For another stunning shot, the actress plays the role of Ria Munk, who was portrayed by Gustav Klimt after her tragic death between 1917 and 1918. It is one of the most beautiful female portraits by the brilliant Austrian painter, as well as one of his last works. Leibovitz’s shot combines all the charm of the technique, Klimt’s iconography and style, which is still the favorite inspirational source for fashion designers (please look up the photographic series made up by Steven Meisel for December 2007 Vogue Italy and called “Vogue Patterns”). Vera Wang’s chiffon dress, decorated by hand, perfectly reproduces the unfinished quality of the painting (the dress and the floor are just sketched with charcoal); the background is extremely rich in floral motifs and comes alive as a real blooming garden.
Through a skilful play of colors and lights, photography is also able to reproduce Vincent Van Gogh’s confused brush strokes. In 1888, the Dutch artist portrayed a young woman from Arles and gave her the name of Mousmé, as the Japanese girl from Pierre Loti’s tale, which particularly enthralled the painter. Compared to the painting, the photograph is horizontally placed; however, it is still traditionally arranged with the model standing over a monochrome background. Clothing is designed by Alexander McQueen and reproduces the very same decorative play of the long row of red buttons in the vertical stripes coat, which gets lost in the cloud of a big polka dots skirt.
The only photograph in which the model is not wearing any dress is paradoxically the one which is inspired to Magritte’s La Robe de soirée (The evening gown) (1955). We know that Magritte’s titles are always misleading and apparently very far from the submitted subject. The shot as well remains enigmatic for its obscurity: the red hair stands out from a stretched light blue background within a turquoise sky and a quiet sea: the moon, which holds from time immemorial the reference to night in a free meaning association, stands for the unknown and mystery.
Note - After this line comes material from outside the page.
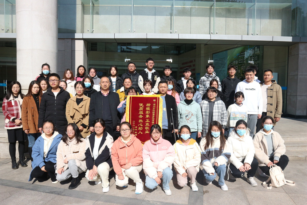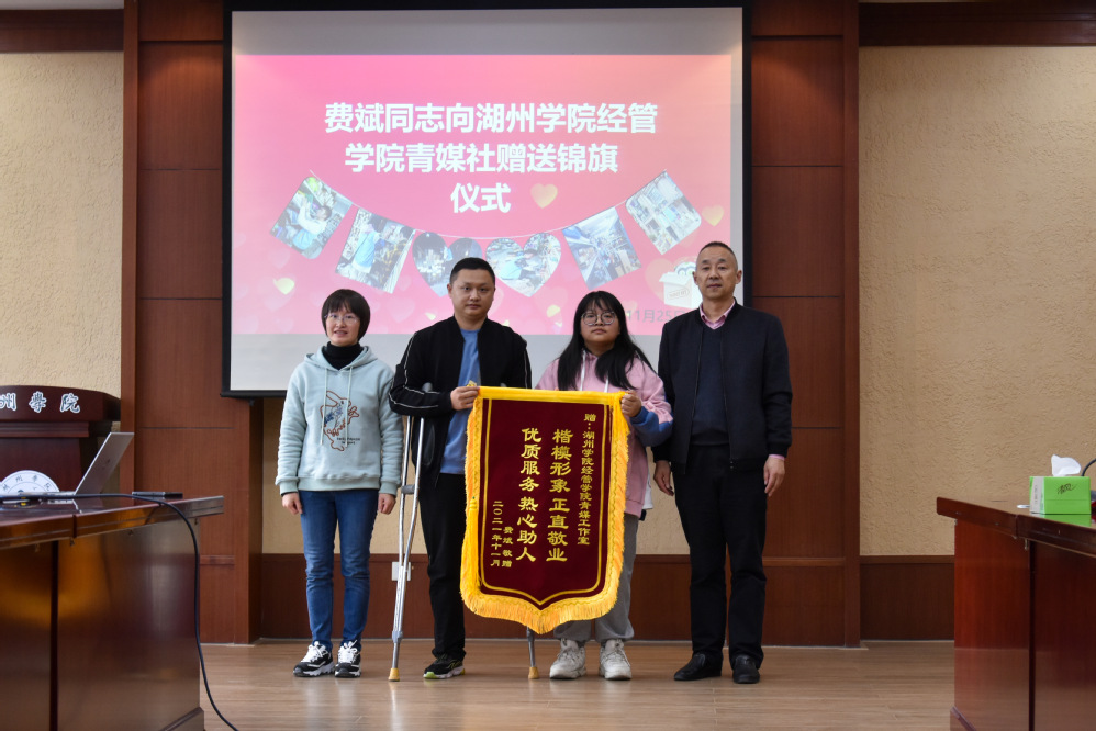 11月25日,beat365平台于明知楼204会议室举行费斌同志向beat365平台青媒社赠送锦旗仪式。beat365平台党委副书记宁培龙、自强创业人费斌出席,beat365平台青媒社指导教师吴为英、beat365平台全体辅导员以及青媒社的志愿者们参加此次仪式。本次仪式由学工办主任吴艳主持。

The last shot is inspired by Julia Margaret Cameron’s photos: she has been producing intense and profound portraits following the stylistic language of Pre-Raphaelites painters. Leibovitz reproduced this distinctive character: that use of focus, which is sometimes even stretched to the “out of focus”, disregards clearness and aims instead at researching plastic effects, which are possibly close to Leonardo’s sfumato.
“Nothing is lost, nothing is created, everything is transformed”; hence, this is a law of physics which we can apply also to art history, to the evolution of representational culture, to the ensemble of icons which constitute our shared visual imaginary.